Retract bogus safety claim, MP tells PEMANDU


KUALA LUMPUR, Sept 4 — Opposition lawmaker Tony Pua today accused the government’s efficiency unit PEMANDU of laying a bogus claim to Malaysia being the safest country in the region and urged it to take back the declaration which, he said, was based on misleading crime data.

He also urged the government agency to revamp its entire crime reporting and evaluation system for an accurate depiction of the real crime situation in the country instead of focusing on battling negative public perception on domestic security.

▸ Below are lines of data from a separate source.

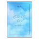 This wedding tabletop sign features a soft, watercolor-style background in shades of blue, evoking the serene beauty of a cloudy sky. The design includes elegant cursive typography for "dessert bar" and a playful sans-serif font for "PLEASE HELP YOURSELF," creating an inviting atmosphere perfect for a relaxed gathering. With ample negative space and a minimalist yet whimsical style, this sign encourages guests to indulge freely while adding a touch of charm to any event. Its customizable name placeholder at the top allows for personalization, making it ideal for weddings or parties where a friendly and approachable vibe is desired.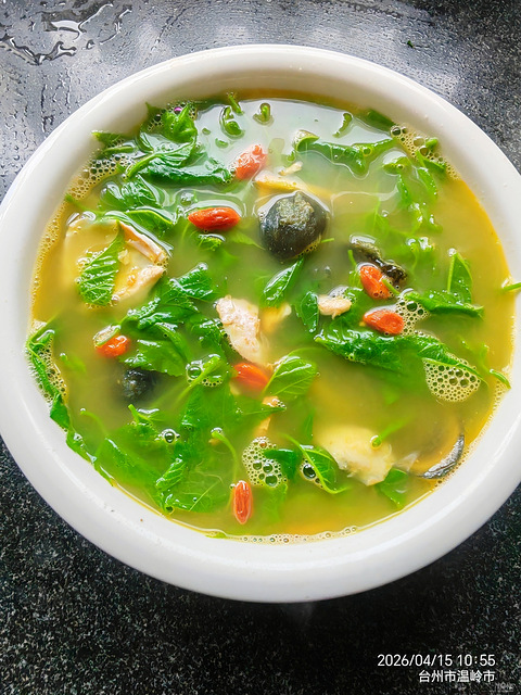 中午我摘的桑叶老了,烧出来口感略微差点,今天老妈掐了嫩尖,鲜甜嫩的猛,锅里油微热放入生姜丝大蒜片煎一下,再放入切块的一个咸鸭蛋一个皮蛋煎炒,再加入热水,煮开放入桑叶,加点盐,枸杞,煮两分钟放味精出锅,很好吃的,可以试试哦!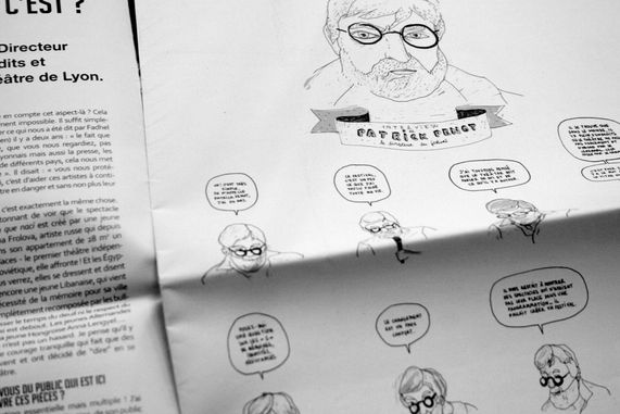 Illustrations et planches de bande-dessinée présentant les différents spectacles du festival de théâtre politique international Sens Interdit dans le journal International.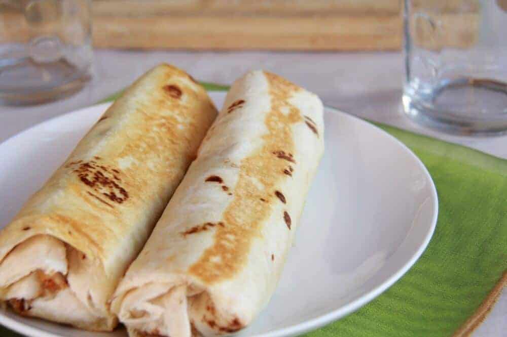 - Heat a skillet with a little oil. Lightly crisp each wrap, turning to get all sides.
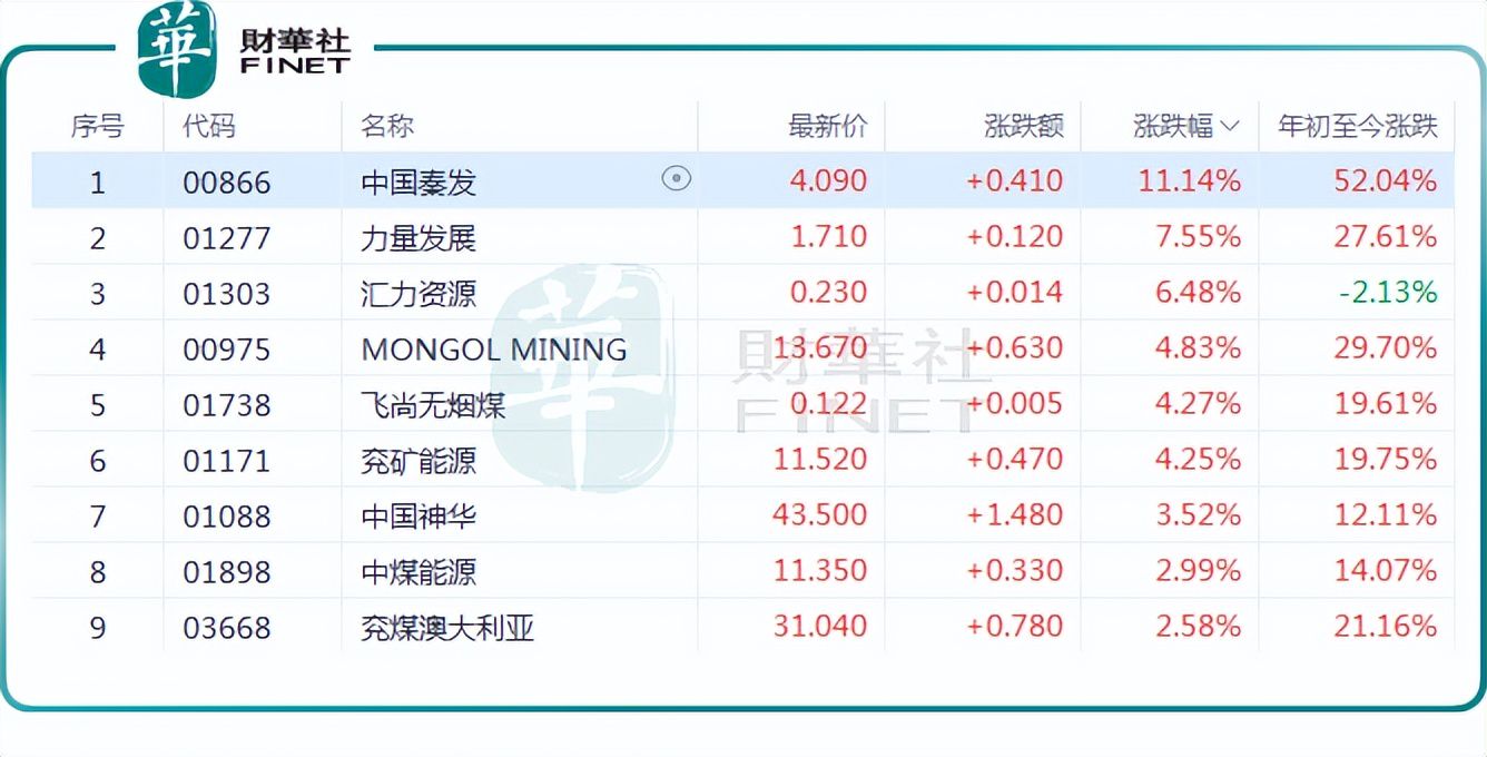 截至发稿,港股中,$中国秦发(HK0866)大涨11.14%,$力量发展(HK1277)涨7.55%,$MONGOL MINING(HK0975)涨4.83%,兖矿能源(01171.HK)涨4.25%,中国神华(01088.HK)涨3.52%,中煤能源(01898.HK)涨2.99%,兖煤澳大利亚(03668.HK)涨2.58%。
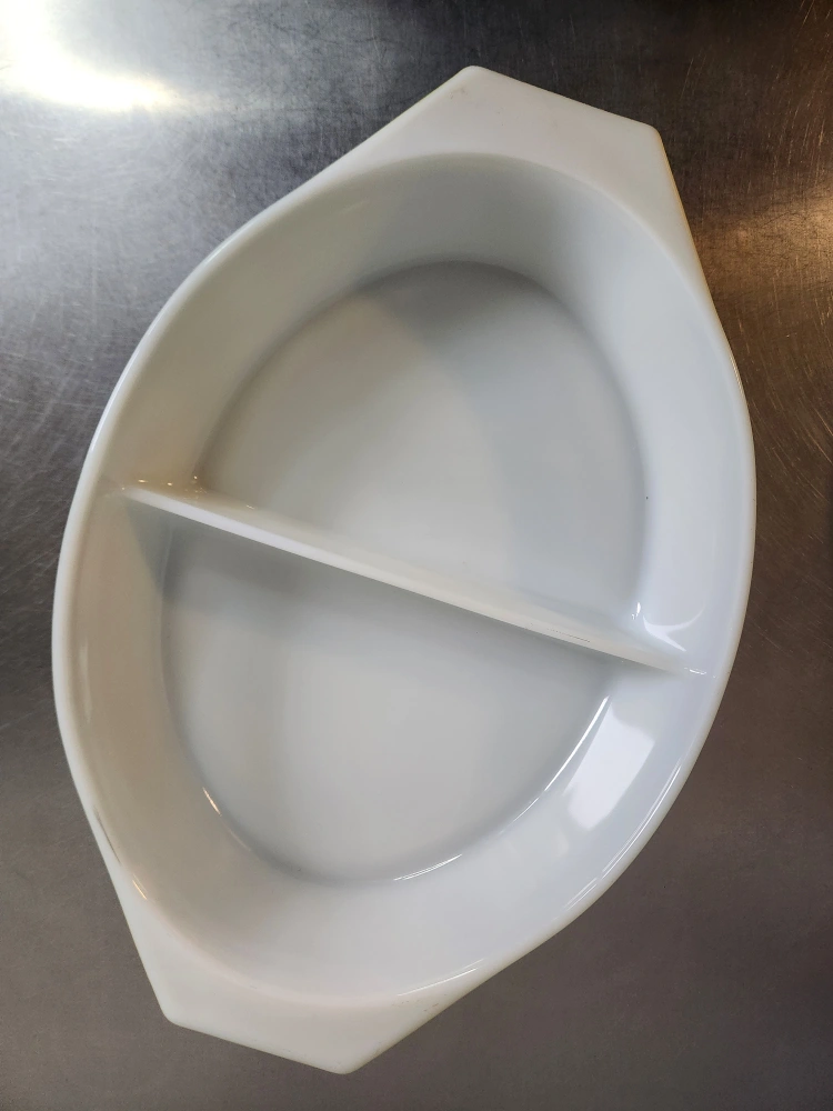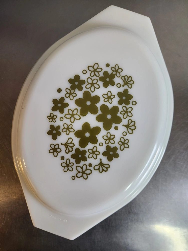 132Vintage Pyrex divided casserole dish. Avocado green exterior, white interior. Features a floral pattern on the lid. Oval shape. Great for serving or storing.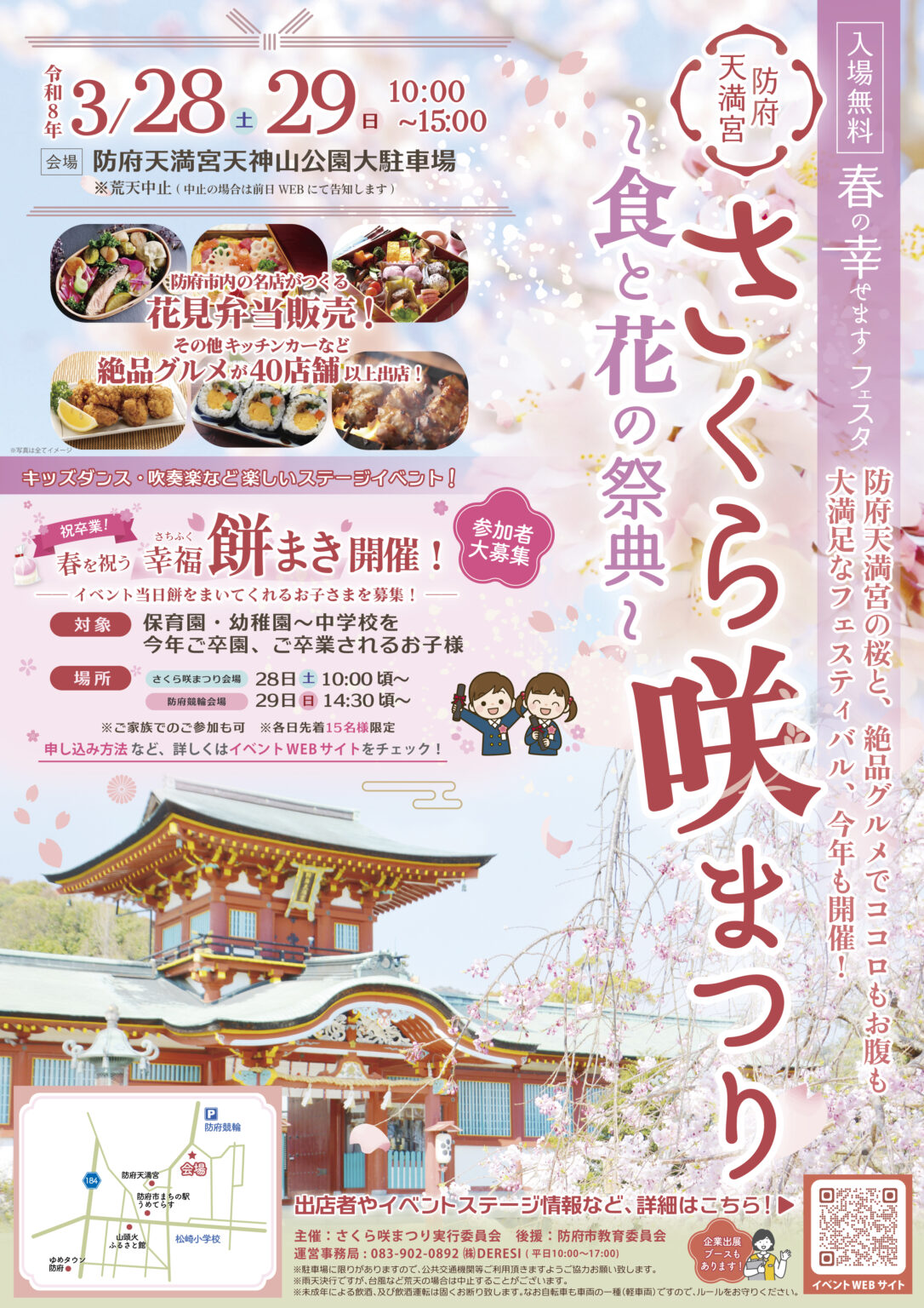 防府天満宮の境内に咲くサクラ約450本が見ごろを迎えるころに”さくら咲まつり”が催され、期間中の3月28日(土)、29日(日)にはグルメとサクラのイベント~食と花の祭典~が開催されます。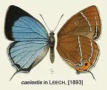 • Howarthia caelestis (Leech, 1890) ) includes H. c. elegans Sugiyama, 1997 and H. c. derani Koiwaya, 2000 West China, Myanmar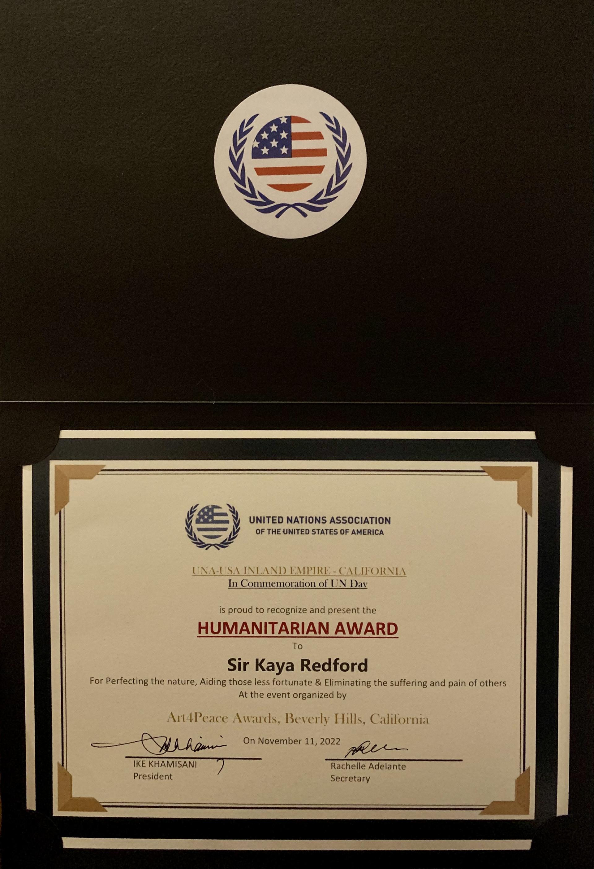 The UNITED NATIONS is Proud to Recognize & Present The Humanitarian Award to Sir Kaya Redford. For perfecting the nature, Aiding those less fortunate & Eliminating the suffering and pain of others.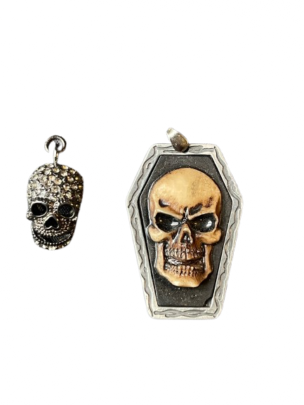 🪦🔥Show off your daring side with this Set Of Two Skulls Pendants! Perfect for those who love to take risks and add a bold touch to their style. These edgy pendants will make a statement and add a touch of adventure to any outfit. 🔥🪦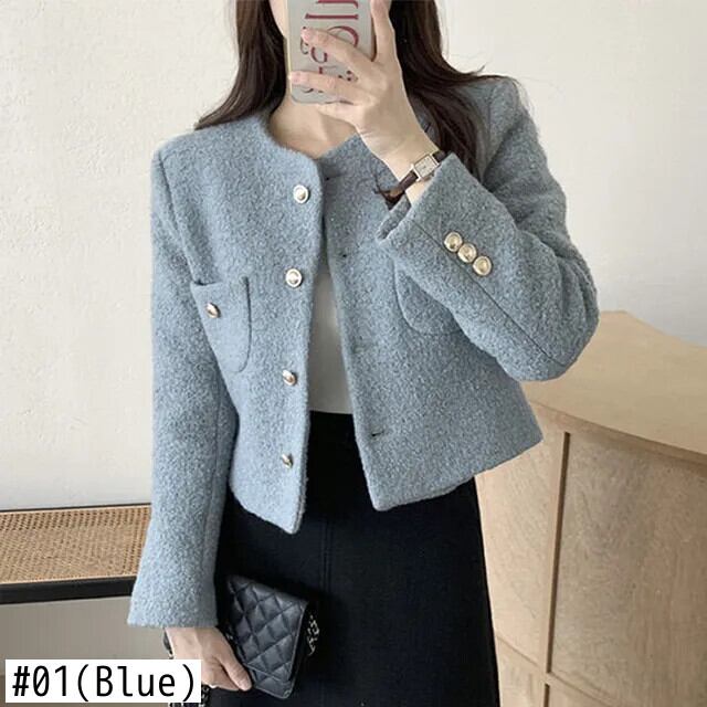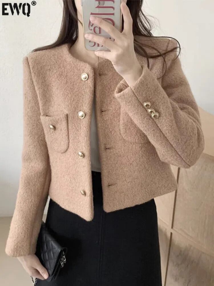 [EWQ] 甘いウールジャケットシングルブレストダブルポケットパッチワークショートジャケット厚手コート秋冬 16U4229 大人ガーリー スウィート キュート カジュアル オータム 秋物 ウィンター 冬物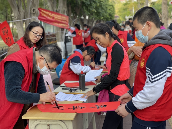 1月19日下午,三秀社区新时代文明实践站乡风文明志愿服务队联合杏南中学师生开展“喜迎新年写春联·情暖社区送祝福”的活动。

“PEMANDU must retract its bogus claim of Malaysia being Southeast Asia’s safest country by using misleading and manipulated crime statistics,” Pua (picture), the Petaling Jaya Utara MP, said in a statement.

The agency had boasted of Malaysia being ranked the “most peaceful” and “safest nation” in Southeast Asia and fourth safest in the Asia-Pacific, ahead of Singapore and just behind New Zealand, Japan and Australia, in the fifth edition of the Global Peace Index 2011 in its Government Transformation Programme (GTP) Annual Report the same year as well as in presentations, Pua noted.

He also noted PEMANDU had claimed credit for Malaysia being “ranked the safest country among 19 upper-middle-income countries by the World Justice Project’s Rule of Law Index 2011”.

But the DAP publicity chief insisted that such claims were negligible in the face of allegations raised last month by an anonymous letter writer, under the pseudonym Sumun Osram, who claimed to be a policeman, that the government’s crime statistics had been manipulated to paint a rosier image of domestic security.

“The recent expose accused the Royal Malaysia Police (PDRM) of manipulating crime statistics to present an artificial picture of the crime situation in Malaysia was confirmed with the data provided by PDRM,” Pua said.

He said based on police statistics, official crime statistics had dropped from a total 209,572 cases in 2007 to 157,891 in 2011, or 24.7 per cent within the four-year period.

“However, this was achieved at the expense of the unpublished ‘non-index crime’, which increased from 42,752 to 72,106 or a massive 68.7 per cent over the same period,” Pua said.

In Malaysia, the police divide crime into two categories, index and non-index — the former defined as crime that is reported with sufficient regularity and significance to be a meaningful indicator of the crime situation while the latter is regarded as minor in nature.

He urged the government’s efficiency agency to stop “crowing” about its “bogus” achievements in battling crime and buckle down to overhauling its entire crime reporting and evaluation mechanism.

“PEMANDU must immediately recommend the scrapping of the ludicrous official ‘index crime’ and the hidden ‘non-index crime’ classifications which are clearly subjected to manipulation and to artificially improve ‘perception’ among Malaysians,” he said.

PEMANDU has had to repeatedly defend itself from public criticism after a spate of crime incidents that seemed to contradict the image painted by its crime statistics.

The agency, along with the police and Home Ministry, has continued to stand by its claim that the country’s crime rate has dipped considerably since initiatives under the Government Transformation Programme (GTP) were put in place two years ago.

PEMANDU’s crime reduction national key results areas (NKRA) director Eugene Teh had in July released fresh statistics to show that index crime in Malaysia dropped by 10.1 per cent from January to May this year compared with the same period last year.

The agency had earlier released figures to show that index crime had dropped by 11.1 per cent from 2010 to last year while street crime dipped 39.7 per cent in the same period.